**Exercise brief**
Text only, exactly as given: reproduce the entries below without their pictures.

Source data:

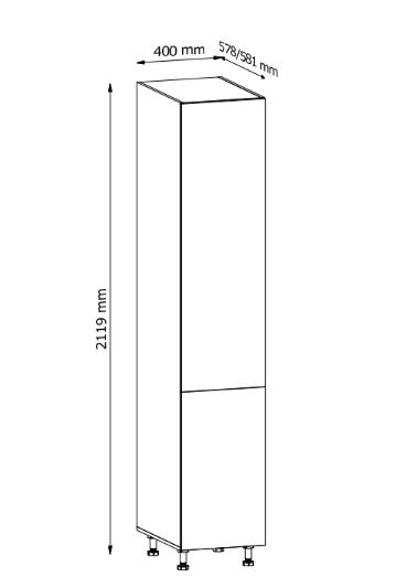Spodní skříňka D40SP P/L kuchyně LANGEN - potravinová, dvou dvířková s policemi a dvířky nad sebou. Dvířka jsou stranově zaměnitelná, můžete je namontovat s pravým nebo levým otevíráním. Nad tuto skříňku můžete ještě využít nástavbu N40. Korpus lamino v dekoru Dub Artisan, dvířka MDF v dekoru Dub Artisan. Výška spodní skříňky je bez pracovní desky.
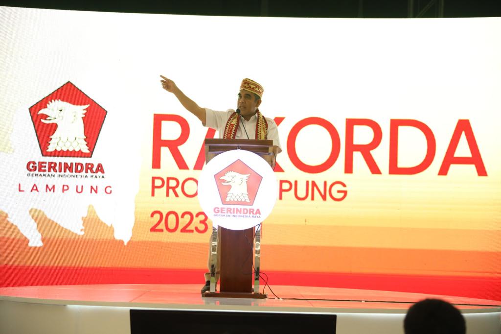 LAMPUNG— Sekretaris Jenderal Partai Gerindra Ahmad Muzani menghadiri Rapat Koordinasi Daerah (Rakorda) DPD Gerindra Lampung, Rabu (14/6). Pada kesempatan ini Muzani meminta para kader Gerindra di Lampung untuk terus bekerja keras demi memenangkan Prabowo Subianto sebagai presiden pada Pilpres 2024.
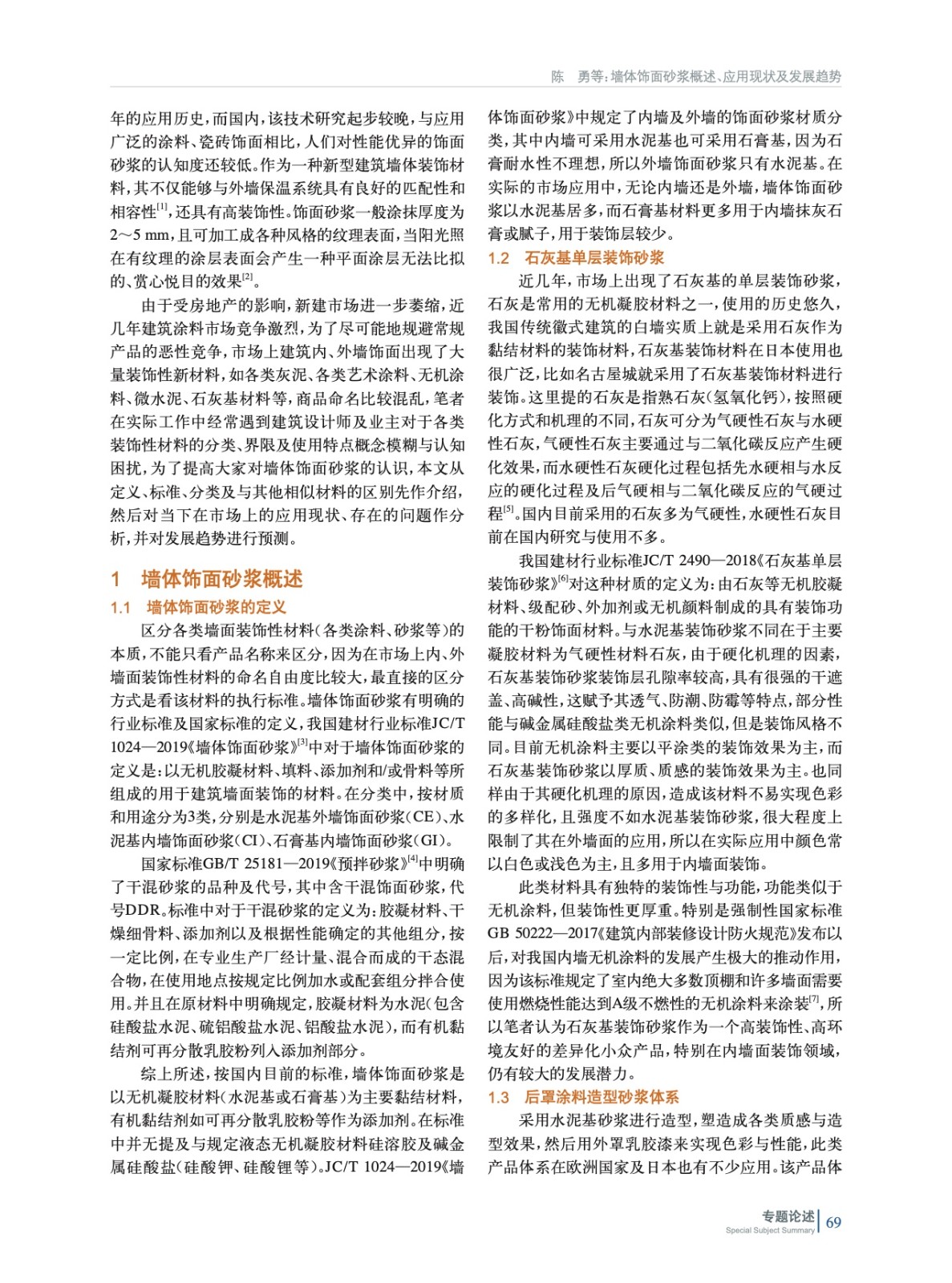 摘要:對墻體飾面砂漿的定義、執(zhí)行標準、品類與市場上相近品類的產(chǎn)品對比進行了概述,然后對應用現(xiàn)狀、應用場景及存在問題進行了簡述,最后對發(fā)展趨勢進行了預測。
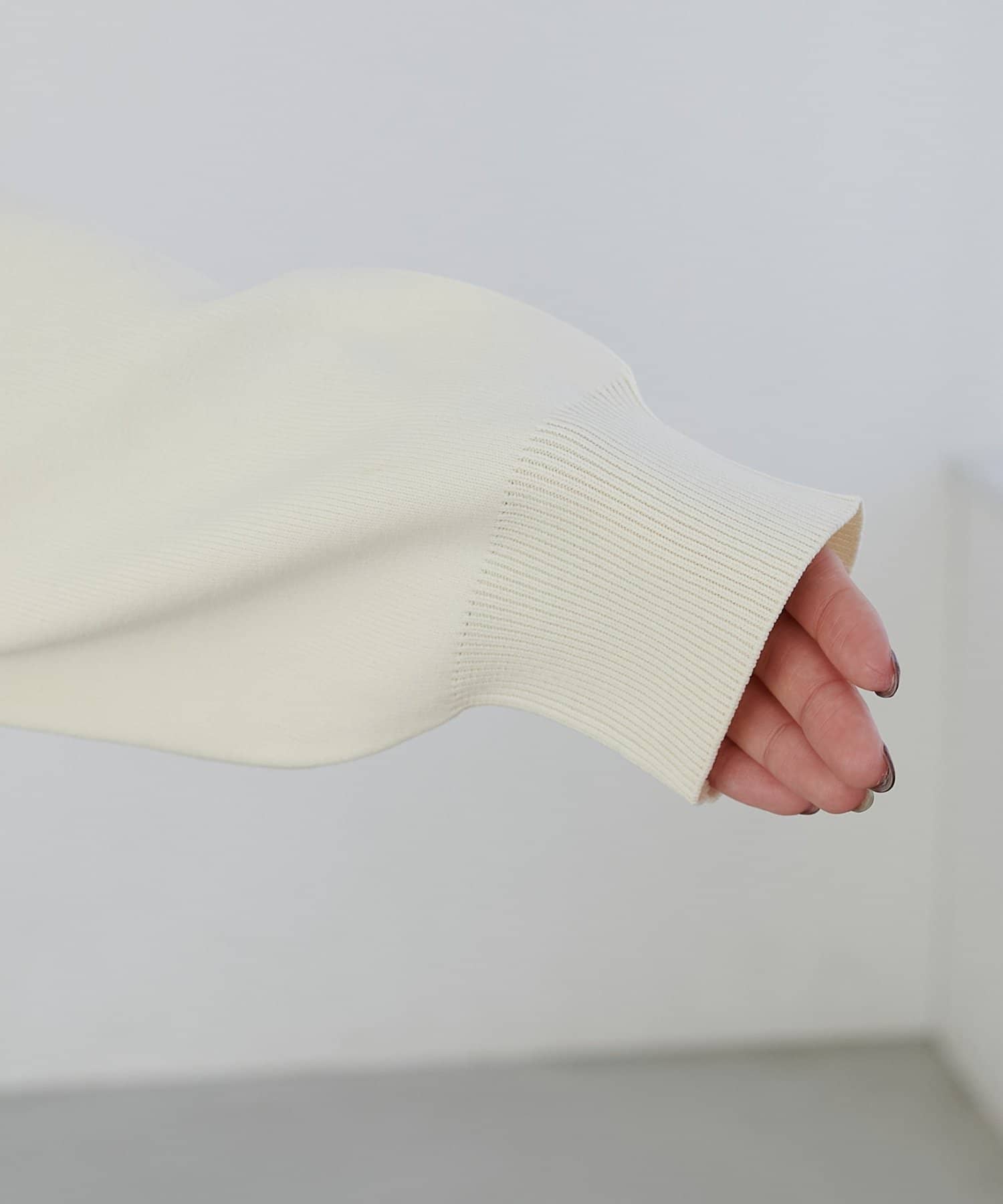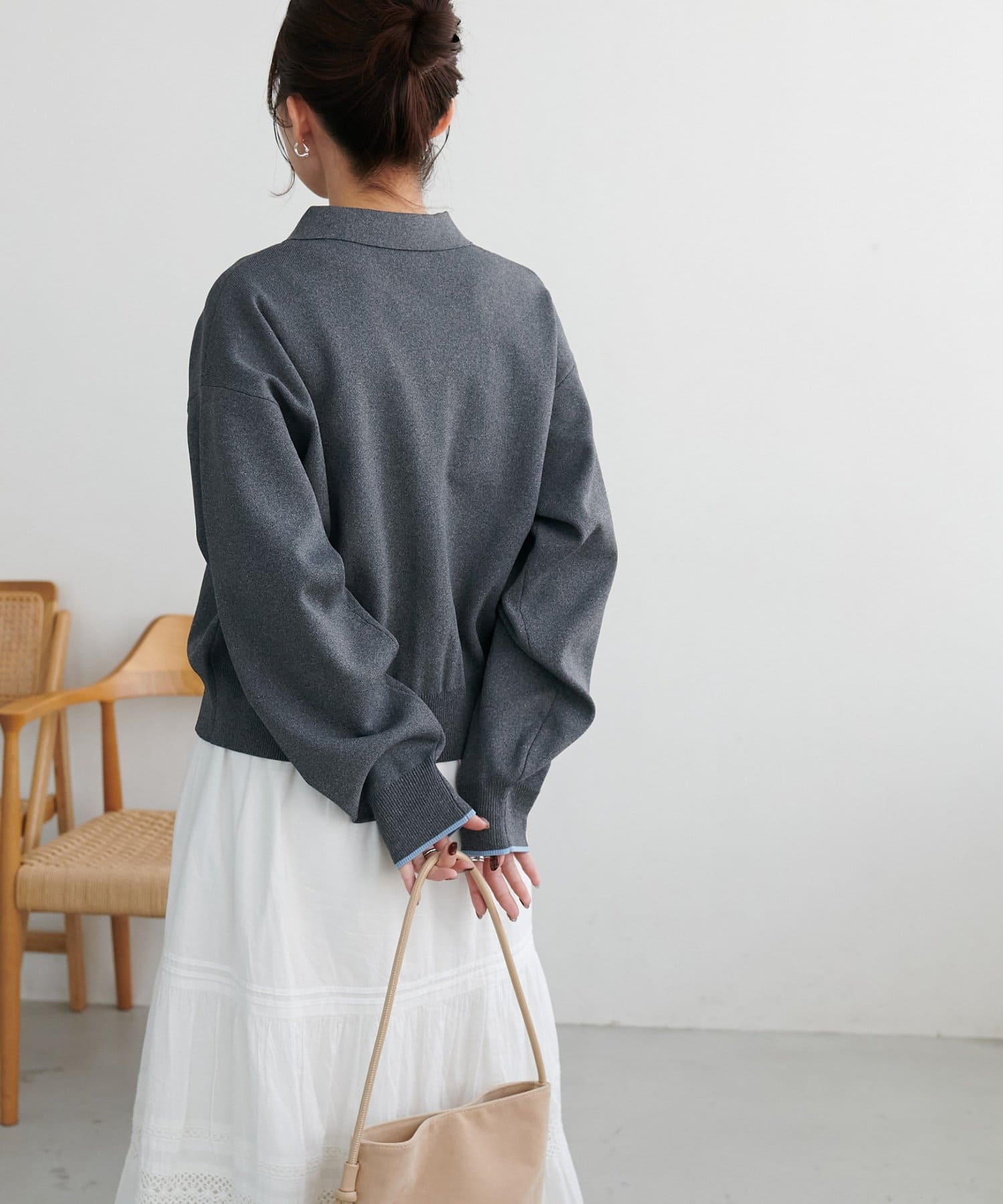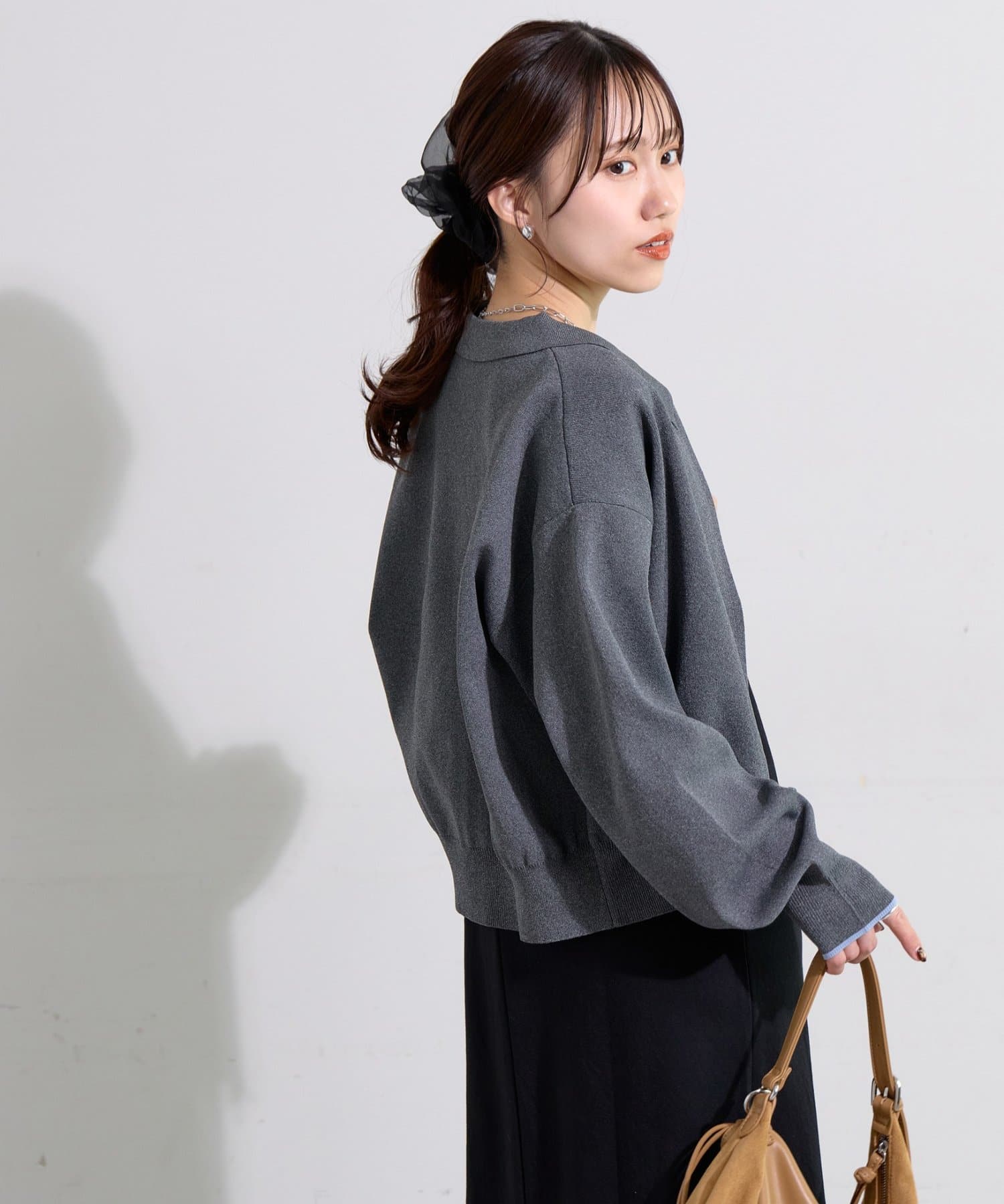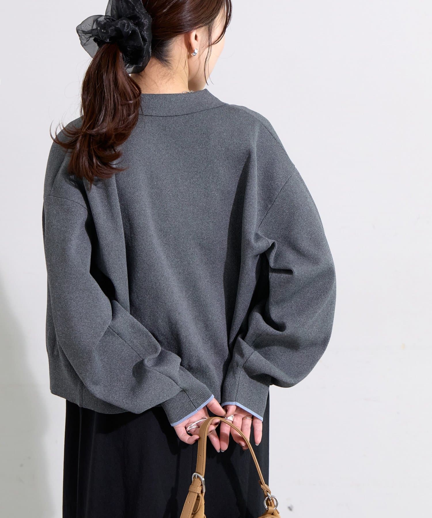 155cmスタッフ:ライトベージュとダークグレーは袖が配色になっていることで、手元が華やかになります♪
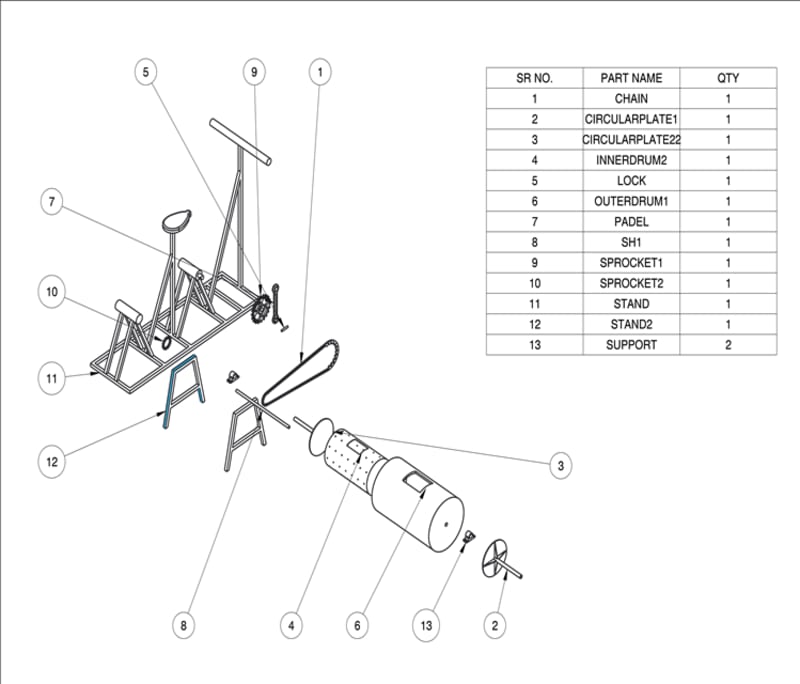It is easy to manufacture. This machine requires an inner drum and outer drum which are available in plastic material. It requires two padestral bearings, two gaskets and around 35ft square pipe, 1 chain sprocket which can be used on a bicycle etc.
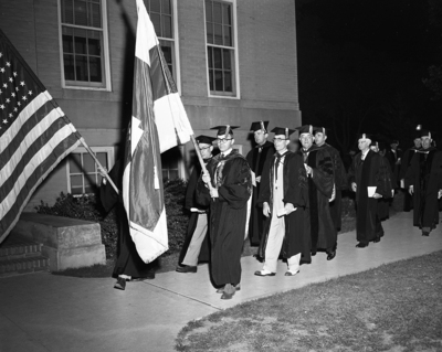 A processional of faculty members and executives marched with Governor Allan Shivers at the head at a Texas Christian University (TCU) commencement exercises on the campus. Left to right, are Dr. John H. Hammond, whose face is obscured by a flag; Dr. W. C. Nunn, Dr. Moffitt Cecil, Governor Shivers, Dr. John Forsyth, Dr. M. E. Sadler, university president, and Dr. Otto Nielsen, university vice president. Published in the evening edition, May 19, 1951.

**Solution for this task**
Spodní skříňka D40SP P/L kuchyně LANGEN - potravinová, dvou dvířková s policemi a dvířky nad sebou. Dvířka jsou stranově zaměnitelná, můžete je namontovat s pravým nebo levým otevíráním. Nad tuto skříňku můžete ještě využít nástavbu N40. Korpus lamino v dekoru Dub Artisan, dvířka MDF v dekoru Dub Artisan. Výška spodní skříňky je bez pracovní desky.
 LAMPUNG— Sekretaris Jenderal Partai Gerindra Ahmad Muzani menghadiri Rapat Koordinasi Daerah (Rakorda) DPD Gerindra Lampung, Rabu (14/6). Pada kesempatan ini Muzani meminta para kader Gerindra di Lampung untuk terus bekerja keras demi memenangkan Prabowo Subianto sebagai presiden pada Pilpres 2024.
 摘要:對墻體飾面砂漿的定義、執(zhí)行標準、品類與市場上相近品類的產(chǎn)品對比進行了概述,然后對應用現(xiàn)狀、應用場景及存在問題進行了簡述,最后對發(fā)展趨勢進行了預測。
 155cmスタッフ:ライトベージュとダークグレーは袖が配色になっていることで、手元が華やかになります♪
It is easy to manufacture. This machine requires an inner drum and outer drum which are available in plastic material. It requires two padestral bearings, two gaskets and around 35ft square pipe, 1 chain sprocket which can be used on a bicycle etc.
 A processional of faculty members and executives marched with Governor Allan Shivers at the head at a Texas Christian University (TCU) commencement exercises on the campus. Left to right, are Dr. John H. Hammond, whose face is obscured by a flag; Dr. W. C. Nunn, Dr. Moffitt Cecil, Governor Shivers, Dr. John Forsyth, Dr. M. E. Sadler, university president, and Dr. Otto Nielsen, university vice president. Published in the evening edition, May 19, 1951.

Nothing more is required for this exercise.